For this reason, the prestige factor is always taken care of in India–Pakistan relations. Responding to five Indian nuclear tests in 1998, Pakistan conducted six tests (one more) to satisfy himself psychologically and to prove to the entire world that ‘we are no less than India’. At that time, the Pakistani ‘civilian’ prime minister could maximize aid and sympathy from the international community, but the public pressure did not let on Pakistan to become ‘rational’. This act was in line with the local idiom ‘Pagg Uchi ho jaye’ (turban must stay high) and implies that Pakistani foreign policy revolves around acquiring prestige from the reference point of India.
In Sharike-Bazi conflict dynamics, the party that manages to grab more resources out of an inherited share and acquires a powerful status (a powerful Sharik) starts belittling the other party (weaker Sharik). However, weaker parties never acknowledge the standing of their powerful Shariks. They are always engaged in discrediting each other. The resourceful party makes the weaker one feel that he is not even worthy to compete. He boasts in such a manner that the weak party hurts psychologically as it directly attacks his honour (Izzat). The weaker party then resorts to every possible tactic to hurt the stronger party back and regain his prestige. Both Sharik parties sometimes use unlawful tactics to undermine each other. They can join hands with local criminal elements to enhance their strength and use it against their Shariks. The weaker Shariks are always psychologically obsessed that people should not perceive them as ‘weak’ against their powerful Shariks.
It explains the use of the word ‘pygmy’ to describe Pakistan by Pandit Nehru when Pakistan went into alliance with the United States in early 1950s (Pande, 2011, p. 94). It also explains the mindset behind using non-state actors by both India and Pakistan to harm each other. In Sharike-Bazi, the powerful Sharik manoeuvres things to deprive his brother/cousin of due shares so that he may not survive and return to the joint setup. It causes more bitterness for the departing party. Field Marshal Auchinleck, the Chief of British Indian Army, expressed similar views in October 1948 that the Indian cabinet was determined to undo Pakistan (Burke, 1973, p. 10).

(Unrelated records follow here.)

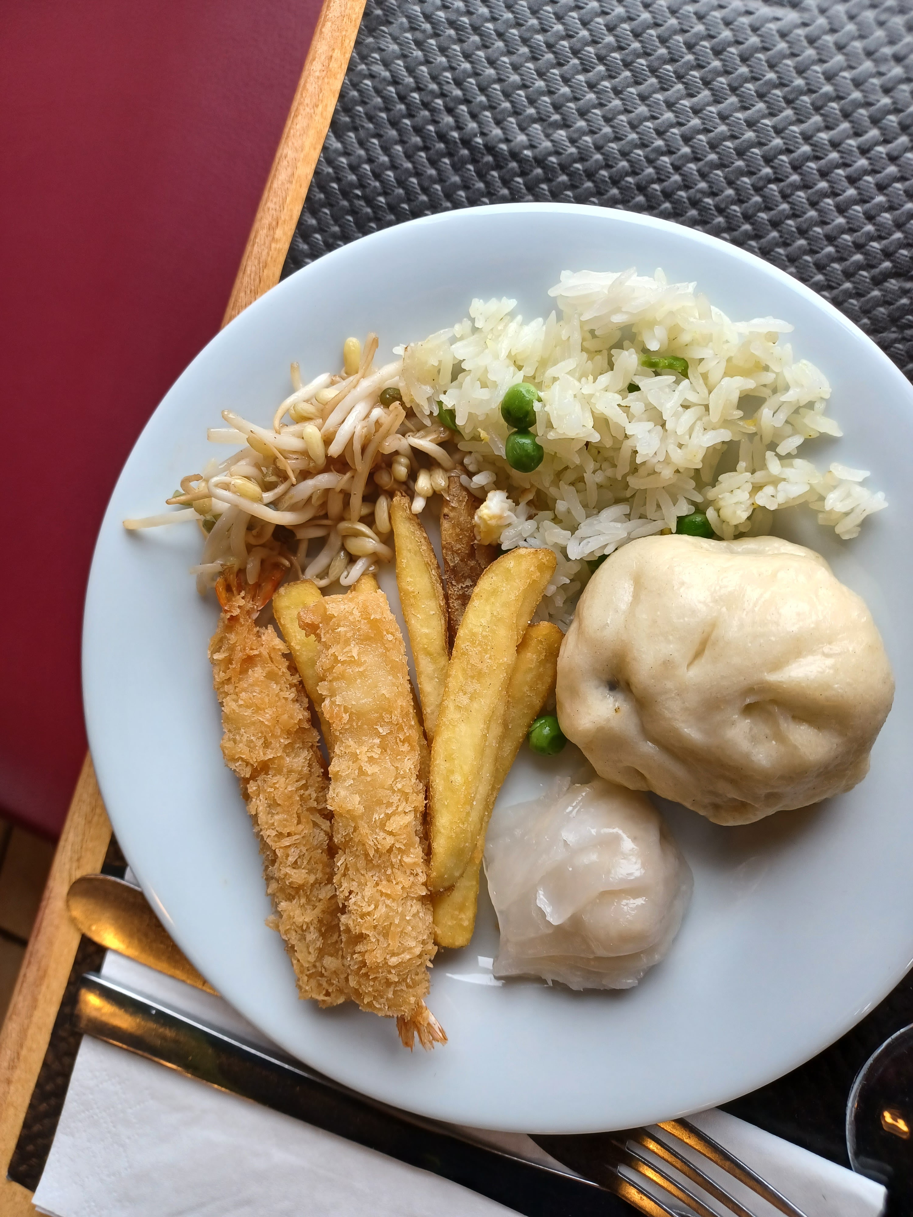 Petit buffet à volonté, bon pour les petites comme les grosses faims. N'hésitez pas à demander les BôBun qui ne sont pas directement sur le buffet, ils valent vraiment le détour ! Côte buffet, je recommande le poulet curry coco, après c'est du classique. Le midi c'est 13.90 à volonté ! La responsable est très gentille et souriante, aux ptits soin pour le service. Merci !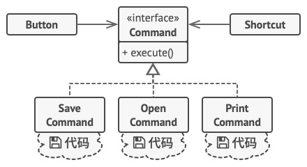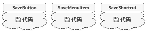 我们的程序最初只有工具栏, 因此可以使用按钮子类来实现各种不同操作。 换句话来说, 复制按钮CopyButton子类包含复制文字的代码是可行的。 在实现了上下文菜单、 快捷方式和其他功能后, 你要么需要将操作代码复制进许多个类中, 要么需要让菜单依赖于按钮, 而后者是更糟糕的选择。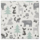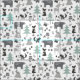 Cute Grey and Teal Woodland Animals Fabric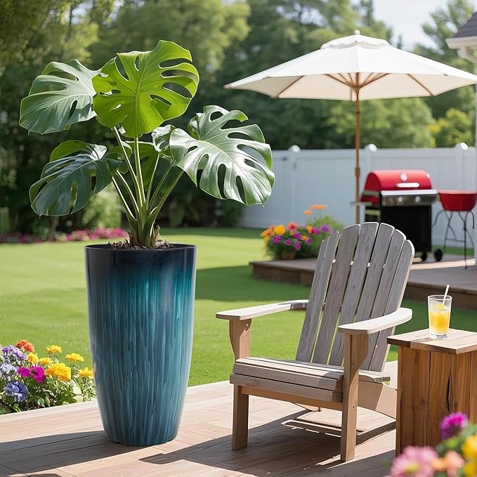 - Tall & Decorative Design: At 23.5 inches tall and 14 inch diameter, these planters create an impressive display for entryways, porches, decks, or balconies — perfect for tall plants or floral arrangements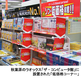 ■売り上げ減の歯止めになるか こうした背景にはまず、低価格コーナーを切り口にして、ハードウェアとソフトを融合させる売り場改革を本格化させ、「売り場が狭まり、売り上げが減る傾向を改善したい」(竹下悟・流通事業本部コンシューマ営業統括部CN企画営業課長)との思いがある。低価格コーナーはソフト売り場だけでなく、「携帯電話やDVD、デジタルカメラなど、好調な分野のハード売り場にも設置して、ハードとソフトを同時購入する需要を喚起する」(同)ことも考えている。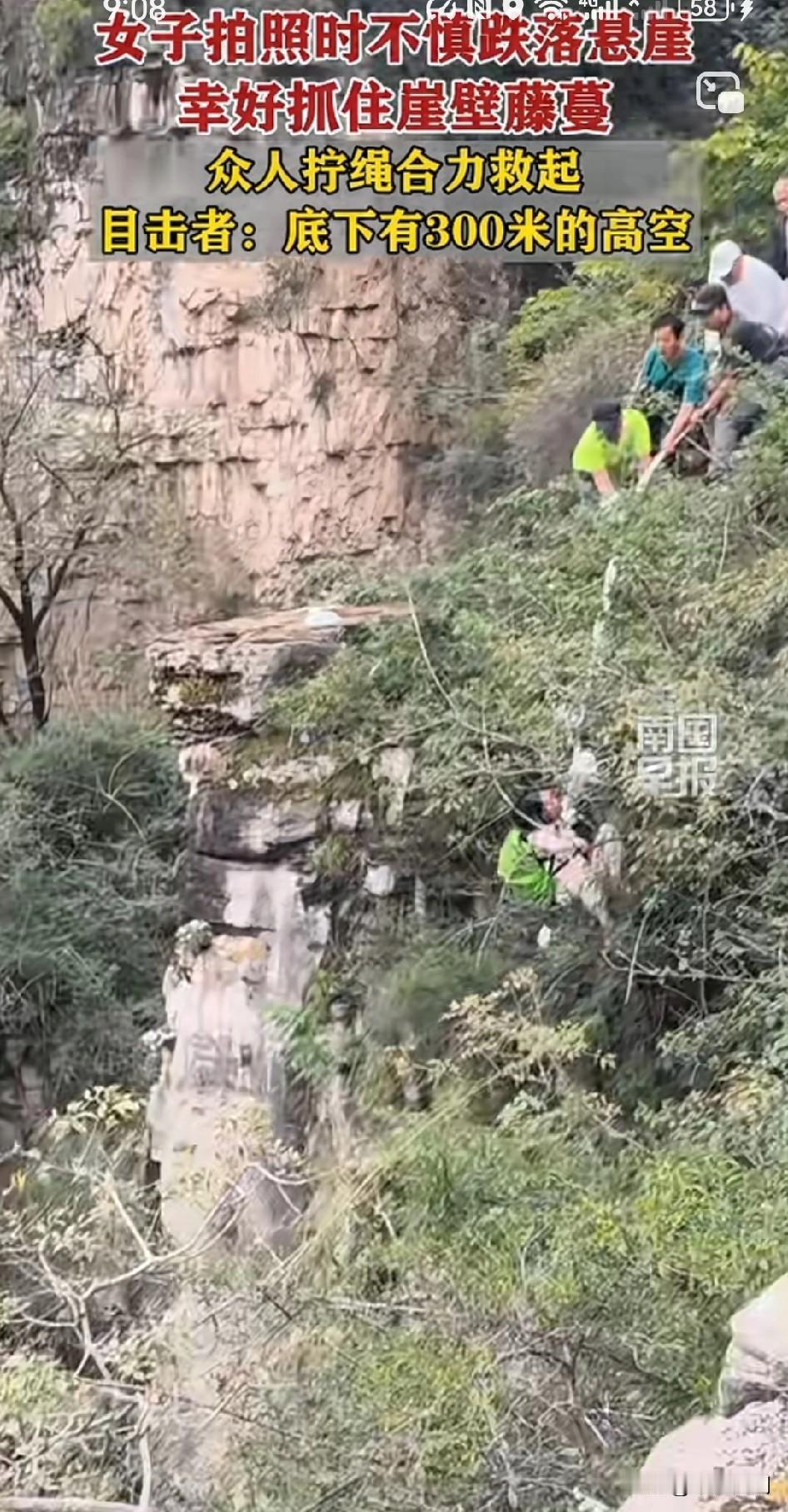 “我要没力气了!”[恐惧] 热心大姐:“不能叫!不能叫!抓着,抓白白的。”看到女子右手缠了好几圈绳子后,指挥上面看不到情况的众人往上拉,最后成功得救! 女子拍照时不慎跌落悬崖,幸好抓住崖壁藤蔓,众人拧绳合力救起,目击者:底下有300米的高空 !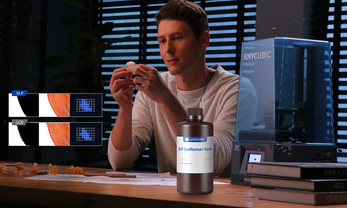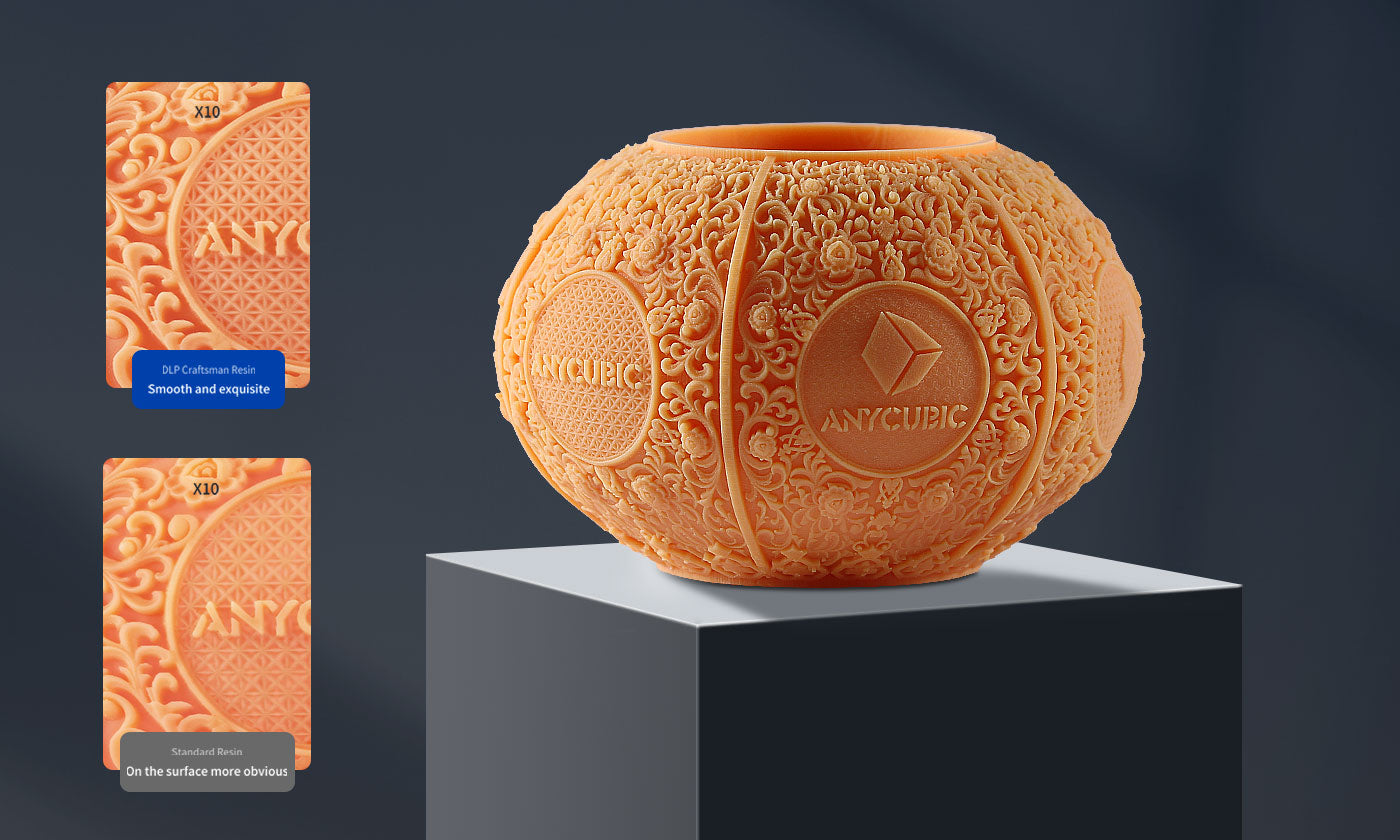 En septembre 2021, Anycubic Photon Ultra est devenue la première imprimante 3D grand public dotée de la technologie DLP dans l'industrie. En 2022, Anycubic a fait un bond en avant important dans la technologie DLP avec la sortie de l'Anycubic Photon D2. Et cette résine DLP Craftsman a été développée pour tirer pleinement parti de son impression haute précision.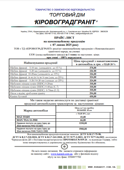 на умовах EXW (склад щебеневого заводу) за 1 тонну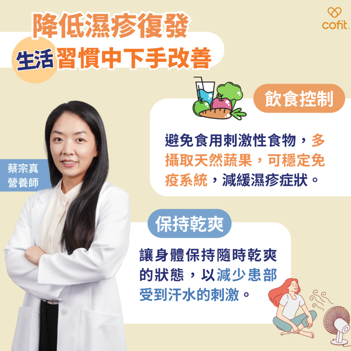 避免食用刺激性食物,如咖啡因、高油重鹹、辛辣食物、酒精等,多攝取天然蔬果,穩定免疫系統,以減緩濕疹症狀。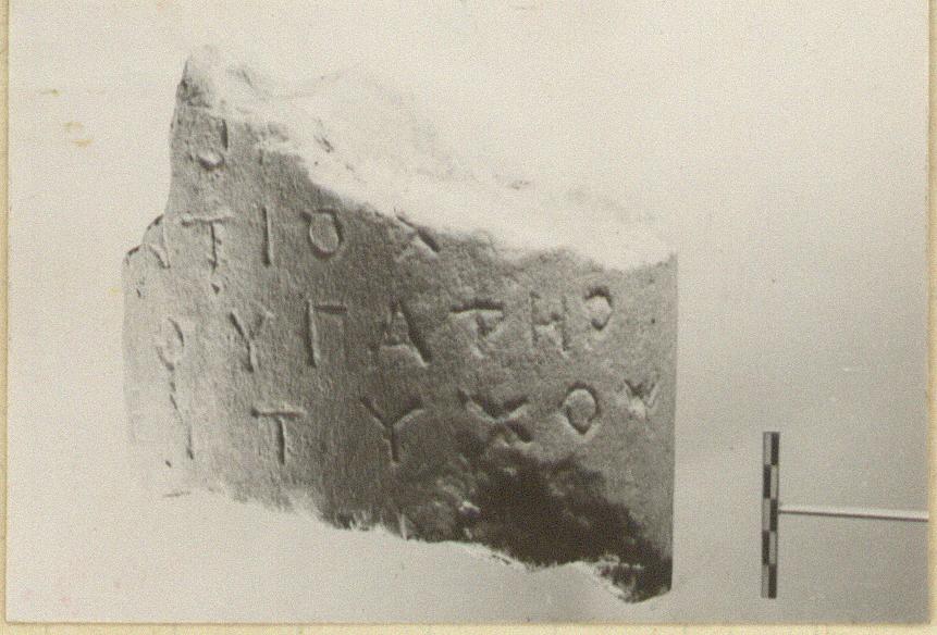 | Description: | Fragment of inscribed columnar grave monument. Inscribed face only preserved. Twenty-one letters remain. Hymettian marble. | |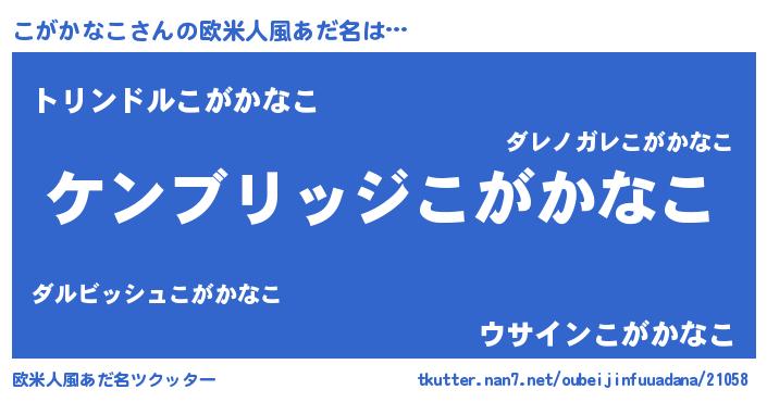 | 男性向けラノベタイトル風あだ名 | 『Re:こがかなこから始める異世界生活』 |
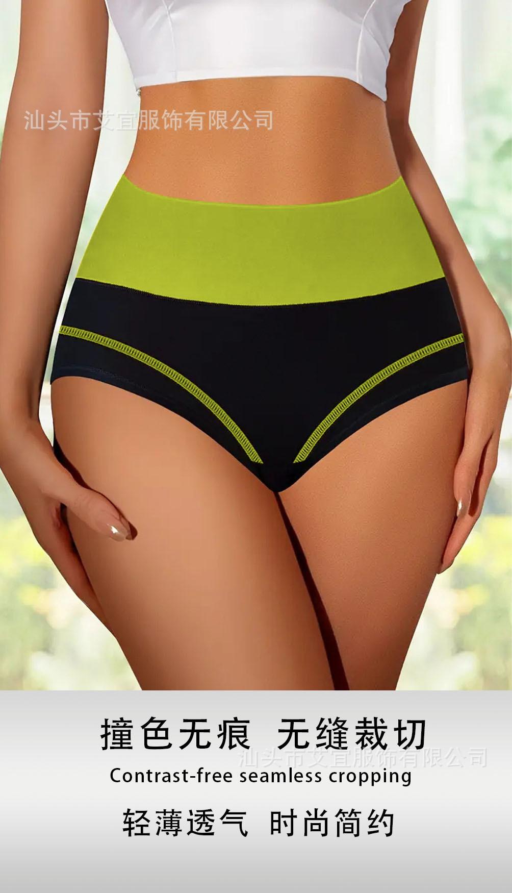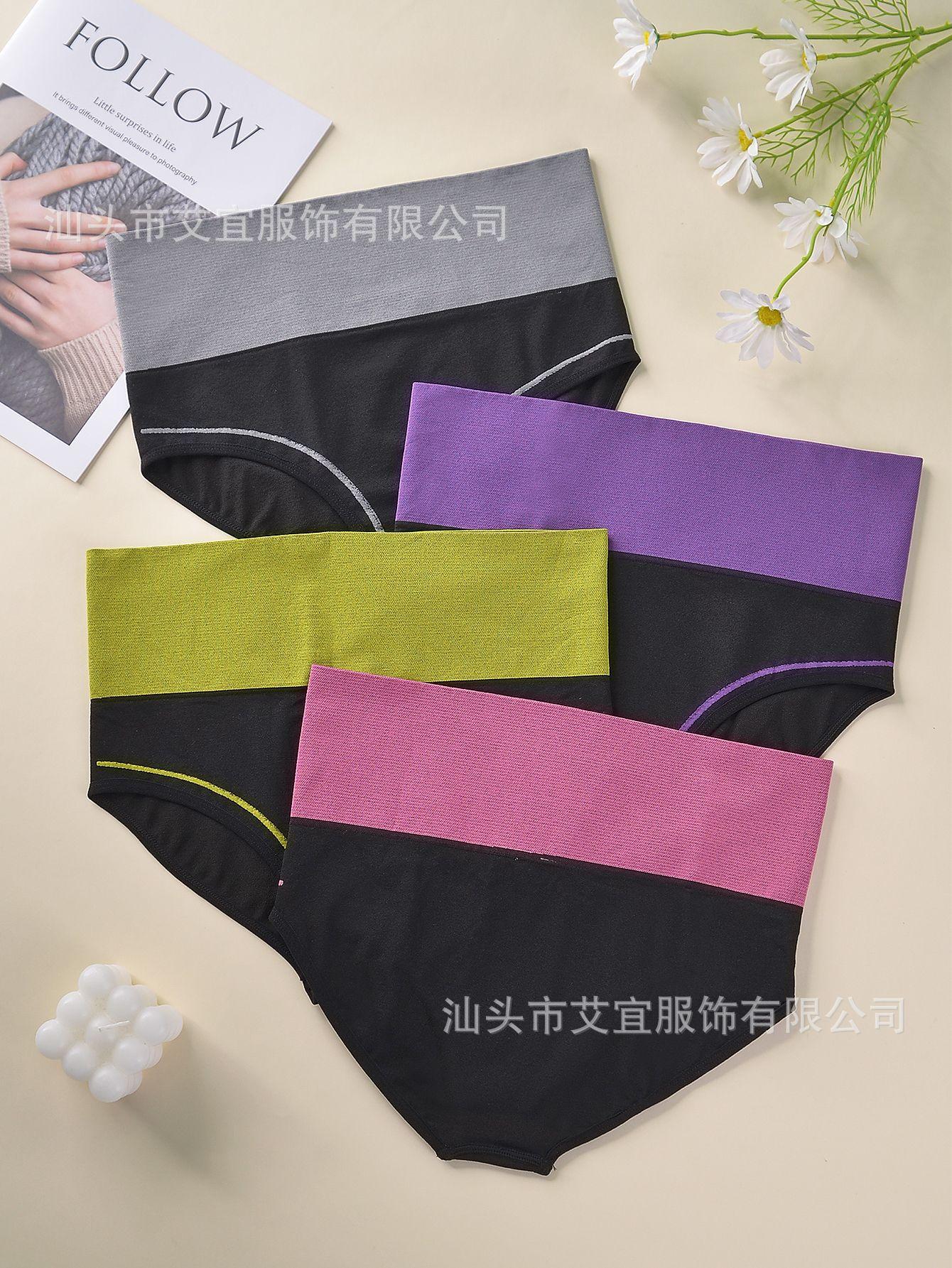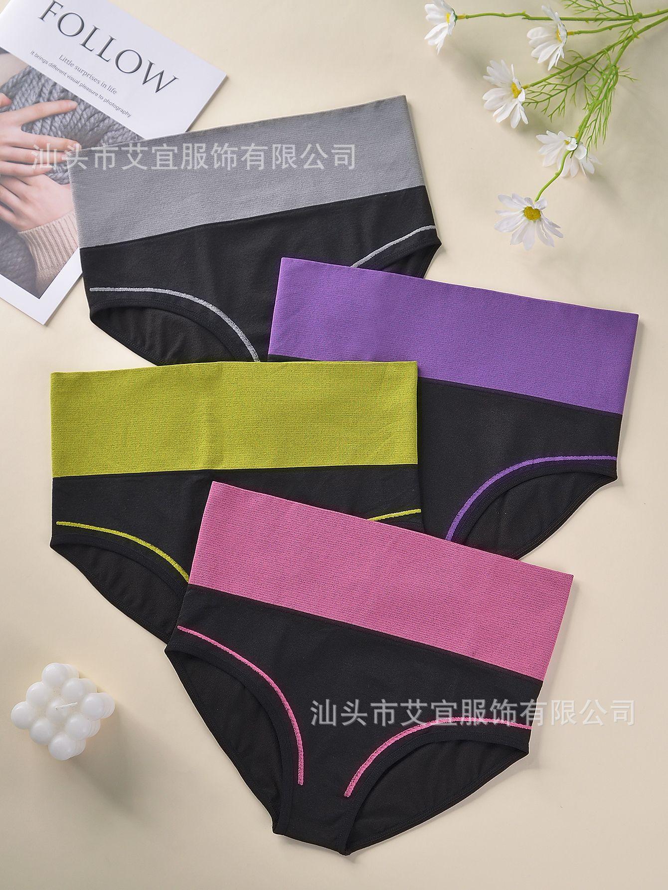Amazon Paquete de 4 Ropa Interior Seamless de Cintura Alta para Mujer, Absorbe la Humedad, Transpirable, Diseño de Bloques de Color, Tejido Suave para Uso Diario

It also explains the psychology behind the statements of many Indian leaders soon after Partition that Pakistan would not survive and would merge back into its motherland India. Pakistan’s oft-repeated demand to the international community to be treated on par with India can also be explained from this perspective.
The Sharike-Bazi urges people to make alliances outside their own kin groups and lineages to undermine the power of each other. The alliances in the subcontinent are made with those people with whom one is not in competition (Barth, 1959), which means who are not Shariks. It is also imperative to mention that people in the subcontinent learned that people around them should either obey them or should be obeyed. As the Marathi poet Govindraj puts it that Indian society is made up of men ‘who bow their heads to the kicks from above and who simultaneously give a kick below’ (S. Kakar & Kakar, 2009, p. 27). Pakistanis are also culturally tuned to form asymmetrical relations with one another (Lyon, 2004, p. 2).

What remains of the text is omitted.